Boston University Joins Harvard in Divesting From Fossil Fuels

The $3 billion endowment, which eliminated coal and tar sand investments in 2016, will phase out crude oil and natural gas immediately.

Boston University (BU) has joined its neighbor Harvard University in announcing that it will divest from fossil fuels. The university said its $3 billion endowment will immediately phase out its investments in crude oil and natural gas, having already divested from tar sands and coal companies in 2016.

“This has been a long journey within the BU community and the Board of Trustees,” University President Robert A. Brown said, according to the university’s communications office. “This is putting us on the right side of history.”

The board of trustees’ Advisory Committee on Socially Responsible Investing (ACSRI) recommended the divestment policies and goals to the board, which then approved them. The committee made the recommendation after meeting with university experts and advocates, concluding that the degree of harm caused by fossil fuel-related emissions justified divesting from the sector. 

“Climate change is moving much more rapidly than we thought even five years ago,” said Richard Reidy, head of the ACSRI. “We all heavily rely on fossil fuels, but there has to be a transition process. We think that divestment is one vehicle to hasten fossil fuel extractors to transition to renewable energy.”

The divestment plan also allows for embracing clean energy technologies, which Reidy said will become increasingly abundant and profitable over time.

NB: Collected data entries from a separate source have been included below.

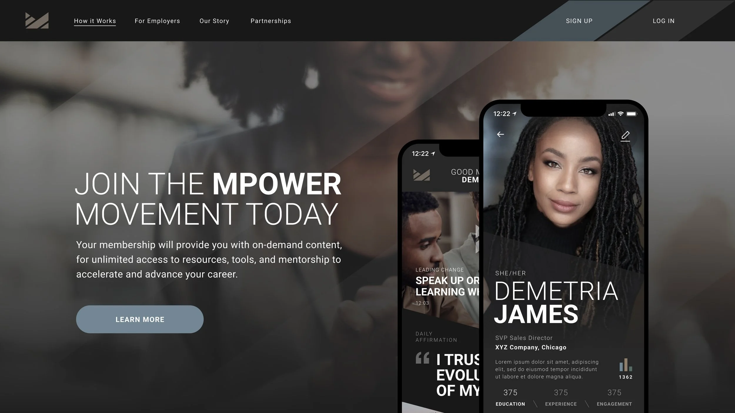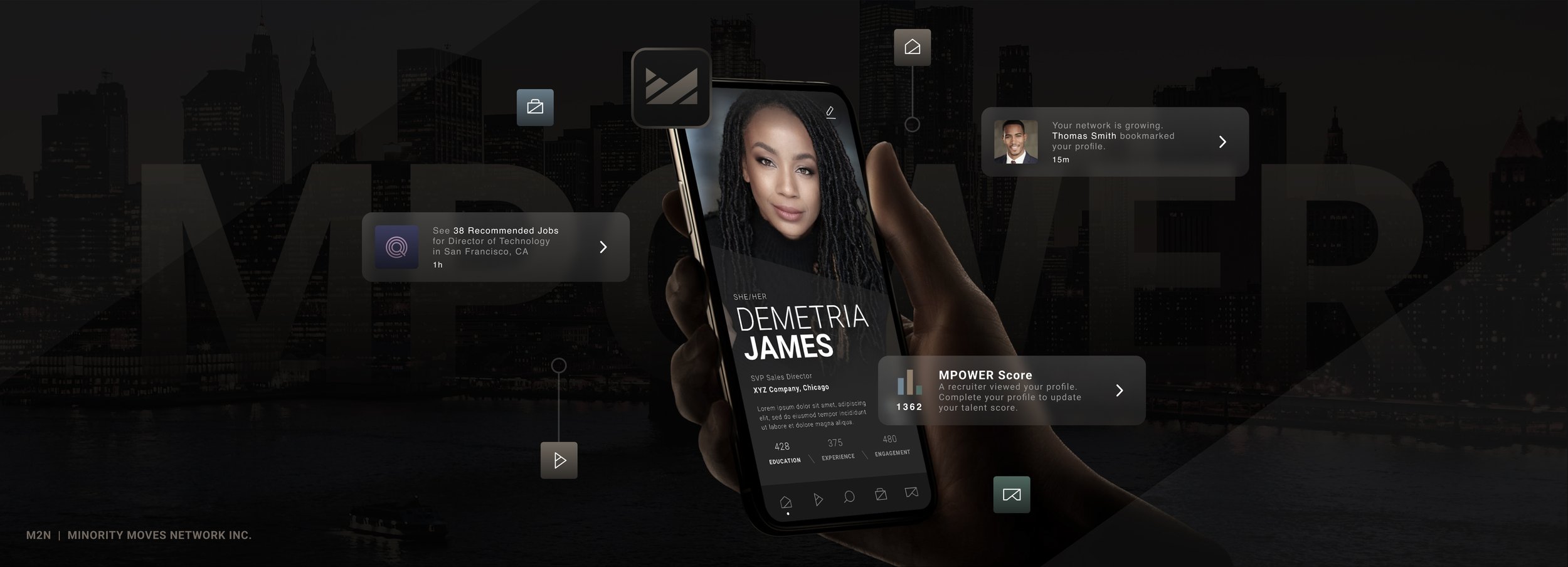 Founded to promote equity in workforce development, M2N (Minority Moves Network) focuses on maximizing access and opportunities for underestimated professionals. I partnered with their team to design MPOWER, a platform that aims to revolutionize hiring practices through a skills-based approach, expand career paths, and challenge other industry-leading professional networks.
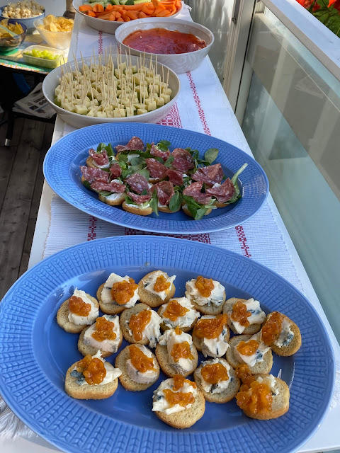 När vi hade mumsat klart av allt gott fikabröd dukade vi fram bubbel och snittar. Gott med nå salt i värmen och ingen fest utan goda bubblor, igår bjöds vi på både Prosecco och Cava.
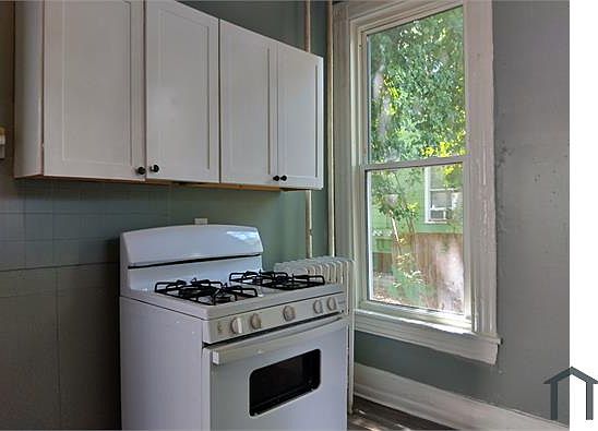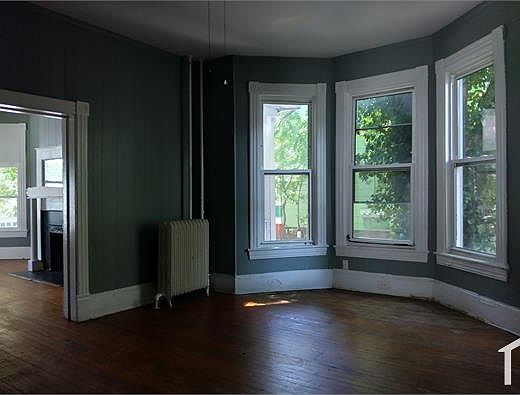 Beautiful first floor apartment with vaulted ceilings, bay windows, and architectural fireplace. Hardwood throughout. Spacious kitchen with white tile backsplash. $65/mo flat water fee. Stacked washer/dryer in unit. For more properties like this visit Affordable Housing.
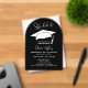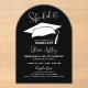 She Did It Elegant Graduation Acrylic Invitations. Scripted words "She did it" with silhouette of a graduation cap in whte set against black background. Calligraphy script wording let's everyone know that she did it. Invite friends and family to an chic black and white graduation party celebration! Templates are easy to edit with all the grad party details for celebrating your graduate.
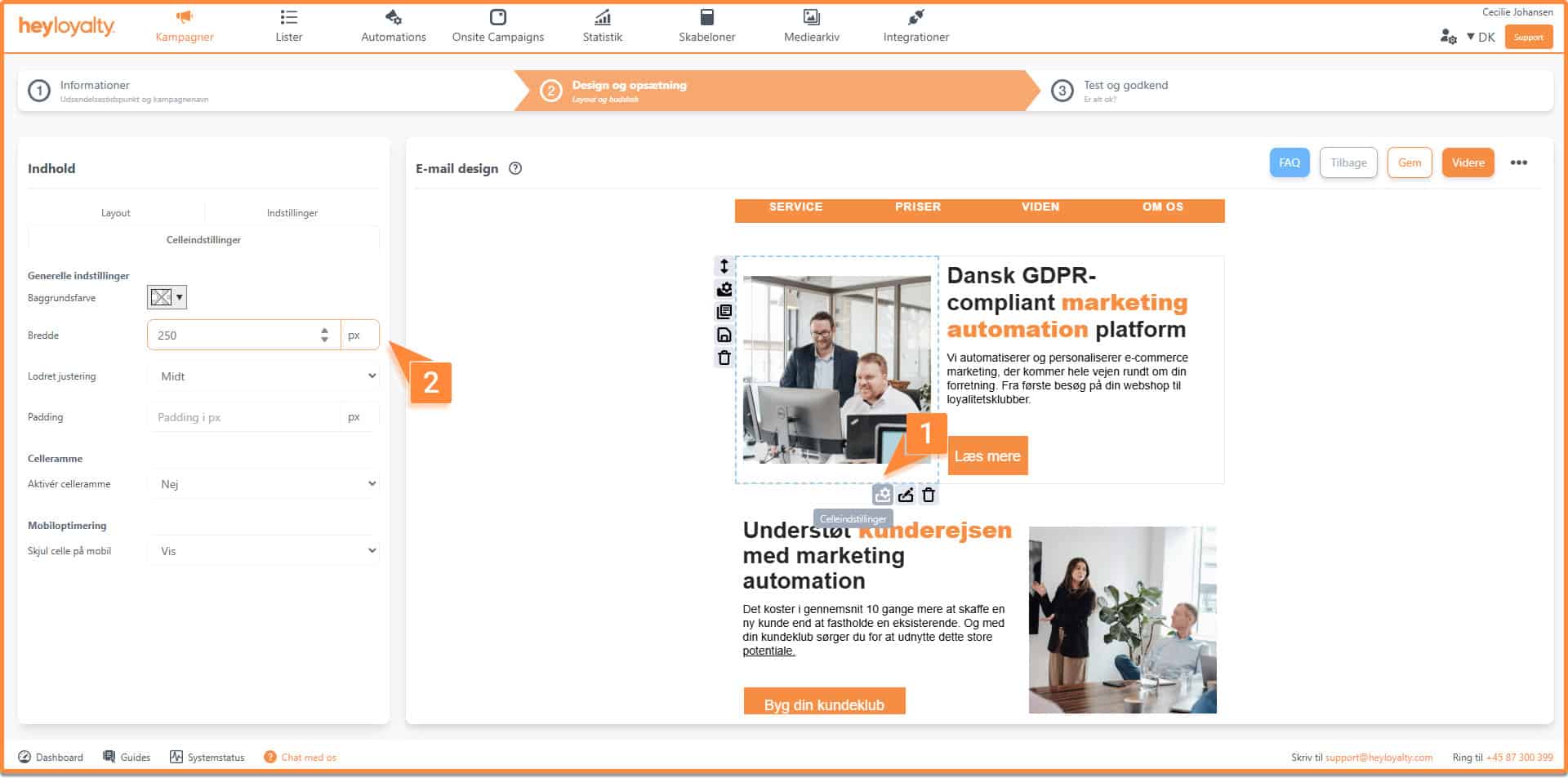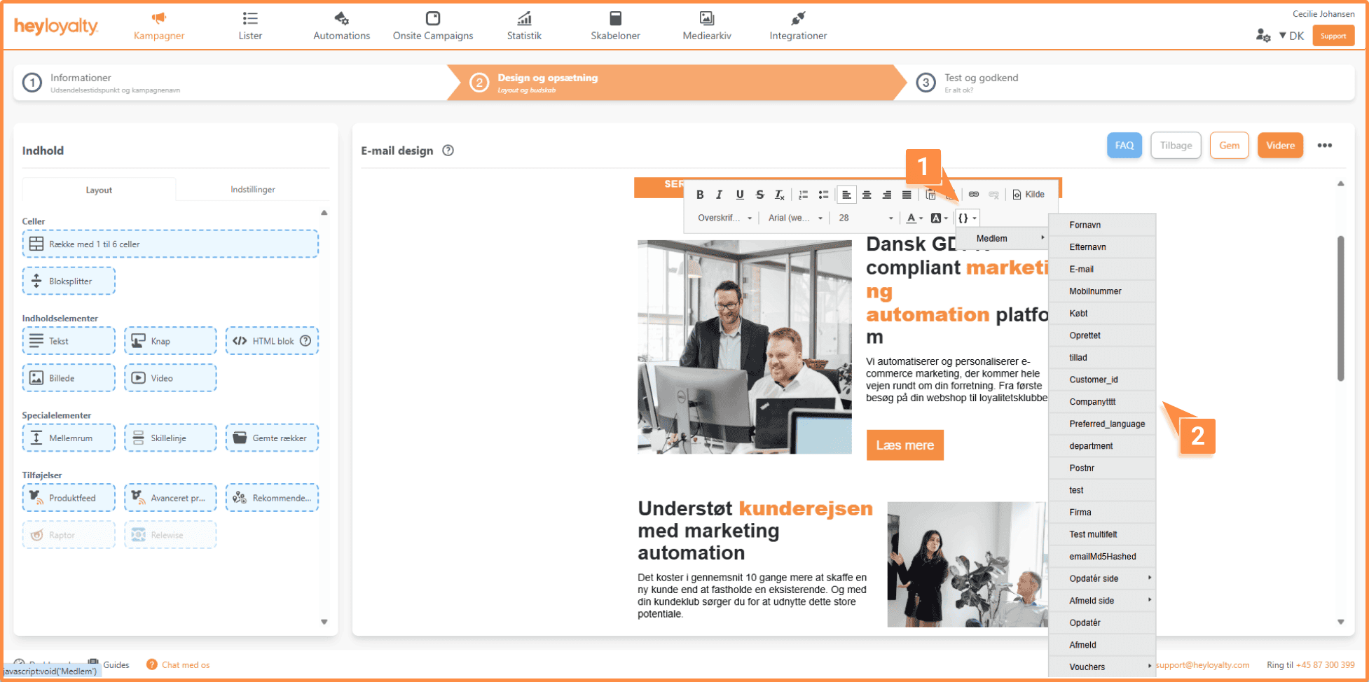 Som nævnt fungerer opsætningen af mails i step 2 på præcis samme måde i automationsflow. Du kan læse mere om, hvordan du opretter et automationsflow her.

“These are specific, achievable recommendations,” said Lila Hunnewell, BU’s chief investment officer, who will oversee the transition from fossil fuel investments. “It’s both a divestment plan and investment plan that reflects the aspirations of the community and the limitations created by the endowment’s current scale.”

The decision by Boston University followed Harvard’s announcement earlier this month that it would allow its remaining investments in the fossil fuel industry to expire in order to eventually divest from the sector.

Although Harvard President Lawrence S. Bacow didn’t use the word divest, he wrote in a message to the Harvard community that “legacy investments” through third-party firms “are in runoff mode,” and said that “given the need to decarbonize the economy and our responsibility as fiduciaries to make long-term investment decisions that support our teaching and research mission, we do not believe such investments are prudent.”

The move brought to an end years of divestment demands by students and faculty that had been met with consistent refusal by the Harvard Management Company (HMC). Prior to the divestment decision, the firm, which manages the $42 billion endowment, had stuck by a policy position that “the university maintains a strong presumption against divesting investment assets for reasons unrelated to the endowment’s financial strength and its capacity to further Harvard’s academic goals.”

Fossil Fuel Divest Harvard, which has been calling on the university to divest from the fossil fuel industry since the organization was founded in 2012, said it was a momentous victory.

“After nearly a decade of organizing by students, faculty, alumni, and community members, we have succeeded in pushing one of the world’s richest and most powerful universities to divest from the fossil fuel industry,” the organization said in a statement. “For too long, Harvard has stood on the wrong side of history, lending legitimacy to the companies driving global warming and environmental injustice by investing part of its $42 billion endowment in them.”